In the current study, we aimed to construct a novel screening strategy for OC using risk factors and the contribution of ML approaches. We utilized the binary logistic regression as MLR and ML algorithms to select the best predictors affecting OC prediction and develop the prediction model. Based on the results of the current study, the XG-Boost with PPV = 0.94 ± 0.015, NPV = 0.93 ± 0.005, sensitivity = 0.93 ± 0.019, specificity = 0.95 ± 0.002, accuracy = 0.94 ± 0.008, and F-Score = 0.94 ± 0.01, and AU-ROC = 0.93 (0.95 CI [0.91–0.95]) was recognized as the optimal ML algorithm for predicting the OC risk. Based on the current study, the ML approach obtained effective prediction capability for OC. The generalizability testing of our models based on external data cases indicated external AU-ROC of AU-ROC = 0.85 (0.95 CI [0.82–0.89]) and AU-ROC = 0.89 (0.95 CI [0.86–0.93]) for XG-Boost is in two other clinical settings. Other studies focused on screening the malignant and benign types of OC by ML approaches based on clinical data.

Due to the progressive nature of the OC disease, screening suspicious women concerning OC in this way may affect the prognosis of the patients and diminish the efficiency of the various treatment plans. This study introduced a novel screening way for screening OC patients based on risk factors. According to the achievement of this study, the knowledge extracted from the XG-Boost model can be leveraged for developing intelligent systems to screen suspicious women concerning OC based on risk factors. In this way, the high-risk group of women can be identified based on the essential factors influencing the OC. Hence, the efficiency of various preventive strategies for high-risk OC groups would be generated and enhanced. The screening strategy, in this way, can propel the treatment of suspicious people regarding OC to less interventional approaches by identifying the high-risk OC women in a timely manner based on appraising various risk factors. It not only improves the treatment solution for high-risk people and introduces the best treatment and preventive strategy by care providers, but also diminishes the cost of clinical care by introducing more efficient treatment at the community level. Also, identifying the high-risk OC groups at the community level can assist the clinical research on enhancing the solutions for preventing OC.


Study design

This data-driven study, as a retrospective approach, was conducted in five phases. First, after gaining insight into the topic, we determined our study population and attempted to collect appropriate data describing it to achieve our aim. In this respect, we used one integrated electronic database. Second, we prepared our database to advance data quality using various preprocessing methods, such as excluding records or features with missing data more than a specific limit, replacing lost values for records with low-rate missing values, and eliminating the irrelevant features describing samples. In the next phase, we leveraged chosen ML algorithms to build prediction models for OC through data fed. The K-fold cross-validation strategy was used to measure and assess the algorithms’ performance efficiency. This way, through various performance indicators, we obtained the best-performing ML-trained algorithms to achieve the aim of the current study. Finally, we leveraged data cases from external clinical settings to investigate the comprehensiveness of our prediction model for screening OC.

Study population

In this study, the population was 1516 suspicious OC women referred to six clinical centers in Sari city of Mazandaran Province associated with gynecological cancers to screen themselves from 2015 to 2019. The physician received conclusive positive or negative OC results through various services such as CA-125 blood test, transvaginal ultrasonography, CT-Scan, biopsy, or a mixture. Among 1516 cases, their information was concentrated in one electronic database; 713 and 803 were associated with positive and negative OC cases, respectively.

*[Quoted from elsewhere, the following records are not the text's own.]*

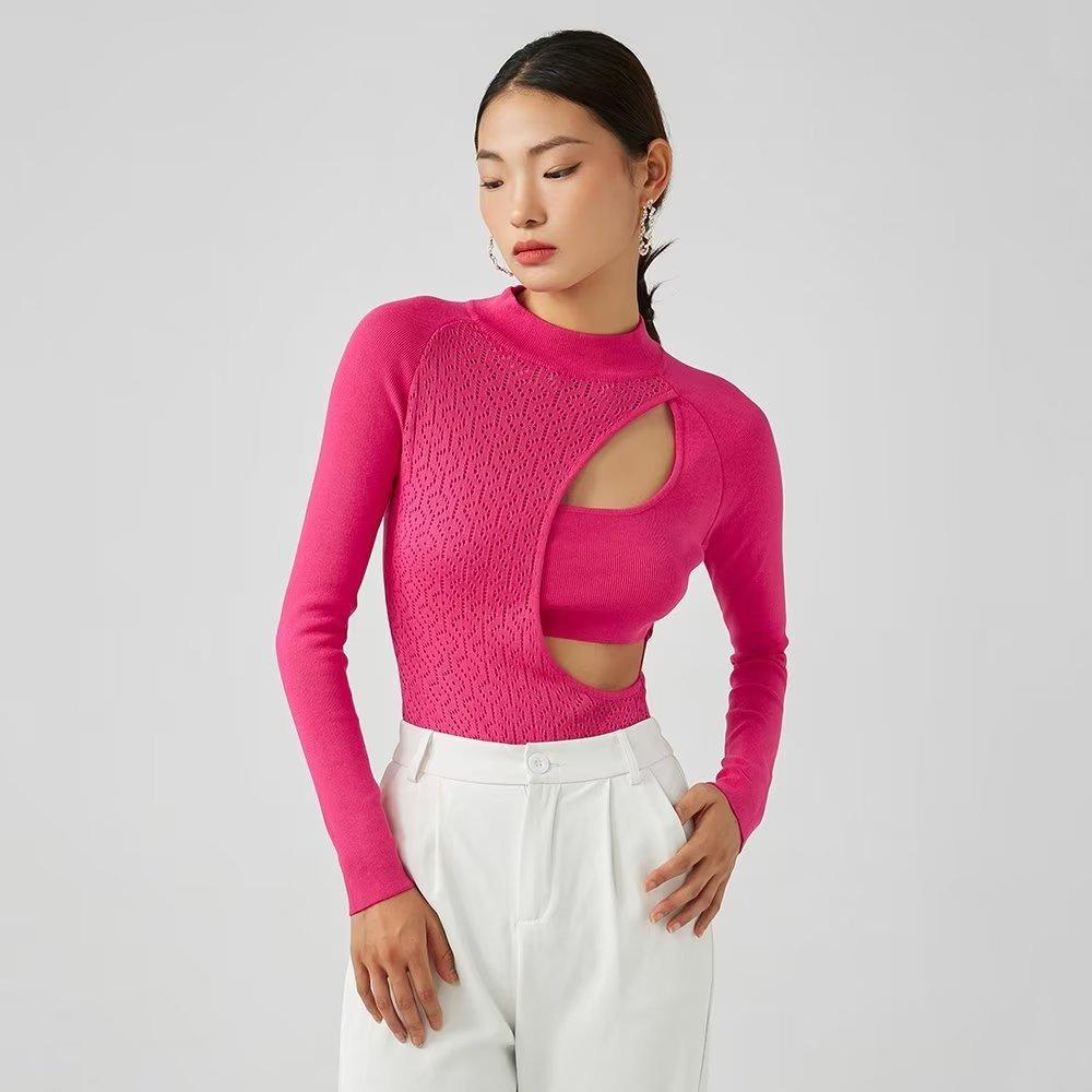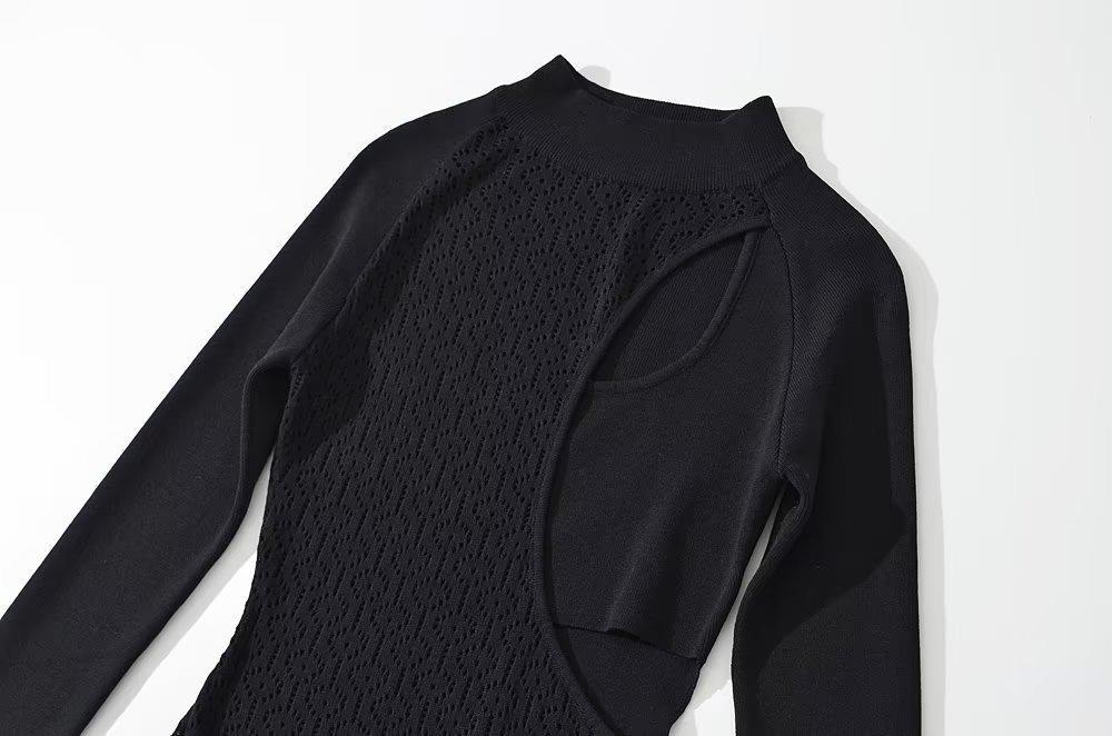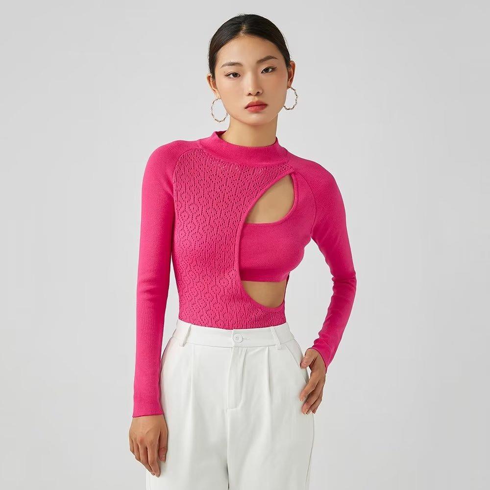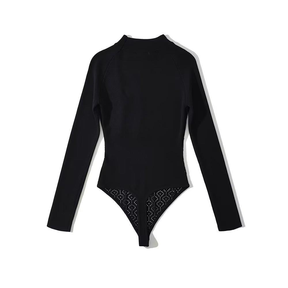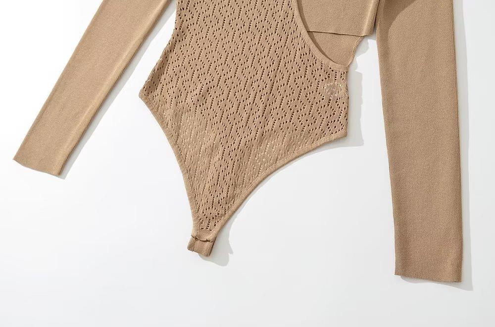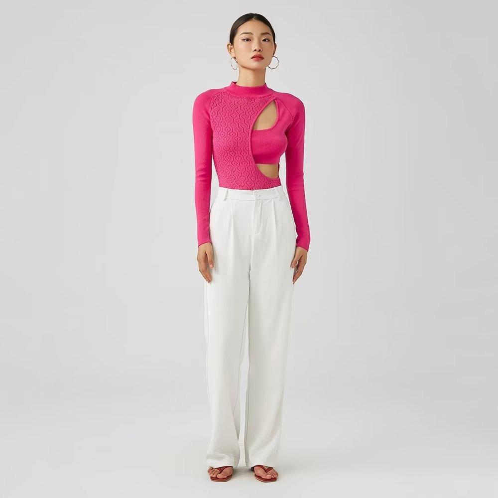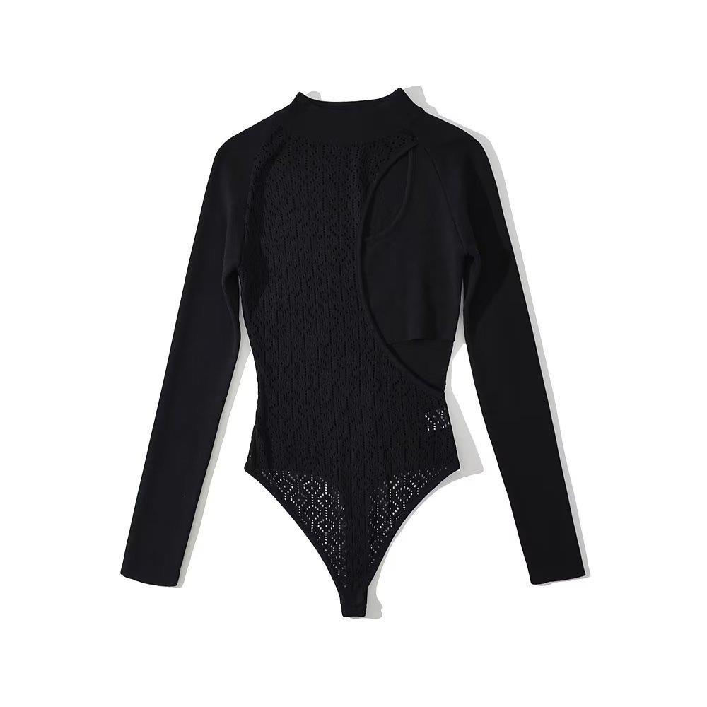 Jumpsuit de punto ajustado de manga larga con cuello redondo y diseño cruzado hueco dislocado, nuevo otoño 2022 para mujer europea y americana, venta al por mayor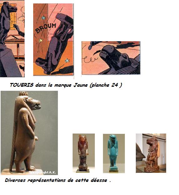 Touéris aidait les morts à renaître dans le Noun. Elle pouvait prendre la forme d'une bête redoutable, hybride d'hippopotame, de lion et de crocodile. Seth pouvant également prendre la forme d'un hippopotame, Touéris était souvent considérée comme sa compagne.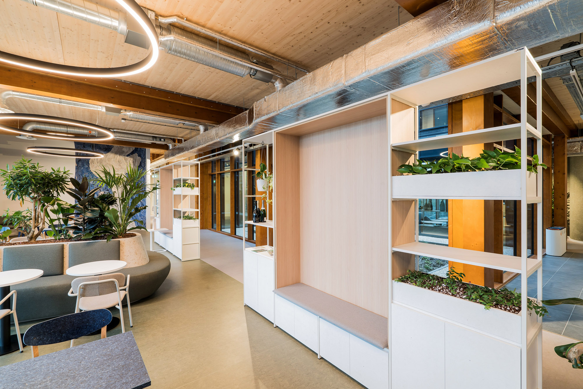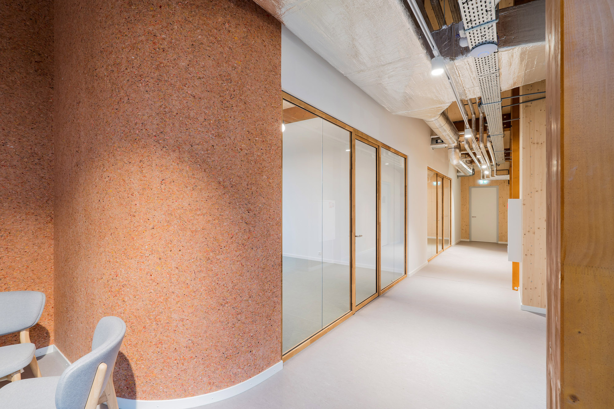 De wanden zijn demontabel, herbruikbaar en ontworpen met oog voor de toekomst – passend binnen het streven naar flexibel gebruik van ruimtes. Daarmee dragen ze niet alleen bij aan de warme sfeer, maar ook aan de duurzame identiteit van het gebouw.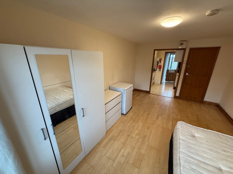The property features a bright and practical open-plan living space, designed for comfortable day-to-day living. It includes a furnished sleeping area, a cosy lounge space, and a fitted kitchenette with essential appliances. The studio also benefits from a modern bathroom, finished to a good standard throughout.

Features and outcome variables

The outcome variable was the OC diagnosis, consisting of two positive and negative diagnostic results. There were 26 input features in the database as OC risk predictors, including age, body mass index (BMI), blood group, race, menopausal age, postmenopausal hormone therapy, endometriosis, history of nonpregnancy, family history of ovarian, breast, or colorectal cancer, family cancer syndrome, fertility treatment use, having breast cancer, history of pregnancy and breastfeeding before age 26, history of the ovarian polycystic syndrome (PCOS), history of chest X-ray, smoking, alcohol consumption, particular food consumption, such as fried foods, whole milk, and trans fats, history of exposure to mutagenic or chemical substances, high red meat consumption, vegetable consumption, fruit consumption, high consumption of coffee, aspirin use, history of hysterectomy, and oral contraceptive pill use.

Preprocessing database

Based on our OC diagnostic dataset, the three-step process was performed in the current study to prepare our database for further analysis. First, we investigated the sample regarding redundancy induced by data integration. In this situation, the redundant cases were excluded from the study. Second, we reviewed the dataset in terms of existing lost data associated with features of samples. We dealt with this situation in two ways: first, samples with more than 5% of missing values were excluded from the study, and second, for the conditions with less than 5%, we used the imputation process through the K-nearest neighborhood (KNN) algorithm with a specific amount of K. In this way, we replaced the missing values using the values that existed in most similar cases with K = 1, 3, 5, and more. Third, we leveraged the feature selection to obtain the more relevant features for the training process to construct predictive models. Choosing more critical features before the ML process could assist us in putting aside noisy features, decreasing calculation time, promoting learning performance, and facilitating the perception of data and learning models [44, 45]. To get the most important factors associated with OC prediction, we used the multi-variable logistic regression (MLR) and investigated the correlation of predictors in this regard. The P < 0.05 was considered a significant statistical level.

Model development and hyperparameters tuning

After preparing the database, we developed prediction models using ML algorithms. In this respect, the XG-Boost, Random Forest (RF), J-48, support vector machine (SVM), KNN, and artificial neural network (ANN) were leveraged as the most chosen and celebrated algorithms leveraged in previous studies with high-performing in the Weka V 3.9 environment to achieve the prediction aims. We used the best-tuned hyperparameters for each algorithm through the grid search method to get the high-performing ML-trained algorithm. This way, the several hyperparameter combinations are leveraged when reaching the minimum error during the ML process. We used the K (K = 10) fold cross-validation technique to gauge and evaluate the algorithms’ performance. In this method, the initial database is split into K = 10 folds, in which one section is used to test aims and others for training the algorithms, recurring K = 10 epochs. The average error rate of each algorithm in K = 10 repetition is considered the algorithm's error rate. Also, to observe the proportion of selected sample numbers having positive and negative diagnosis class labels, we used the stratified type of K = tenfold cross-validation to assure more comprehensiveness of ML algorithms’ performance.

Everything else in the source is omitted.